2. 再構築の忘れ: 値を書き換えただけでは、画面上の表示は変わりません。`EditRebuild3` を呼ぶことで、SolidWorksのジオメトリエンジンを強制的に再計算させます。
3. インデックスの不一致: ライブラリフィーチャの寸法順序は、作成時のスケッチ構成に依存します。もし意図しない寸法が変わる場合は、`swLibData.GetDimensionNames` で名前を取得し、名前ベースで検索するロジックに拡張してください。

さあ、次はあなたの番です

今回紹介した `LibraryFeatureData` を使いこなせるようになると、社内の標準加工(溝、切り欠き、ボルト穴など)の配置が劇的に速くなります。

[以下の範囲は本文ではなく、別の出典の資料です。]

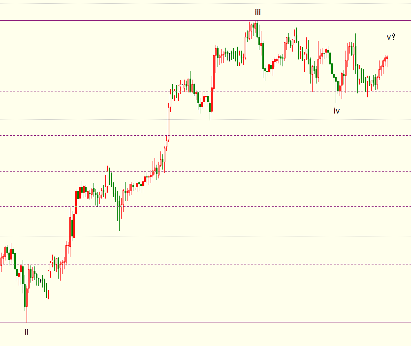 小时图上看,金价自处于自1796美元开启的下行iv浪,但在1777美元附近获得支撑,后者是始于1718美元的iii浪的23.6%斐波那契回档位。若金价自1774美元开启上行v浪,后市料重返1800美元上方。iii浪和iv浪都是自1680美元开启的上行(i)浪的子浪,(i)浪是同样自1680美元开启的上行((i))浪的子浪。

「マクロの記録」という殻を破り、オブジェクトの構造を理解する。これが、伝説のエンジニアへの第一歩です。
まずは、手元の簡単なライブラリフィーチャで実験してみてください。もし壁にぶつかったら、それはあなたがより深いAPIの領域へ足を踏み入れている証拠です。

応援していますよ。あなたの自動化の旅が、素晴らしい成果を生むことを願っています。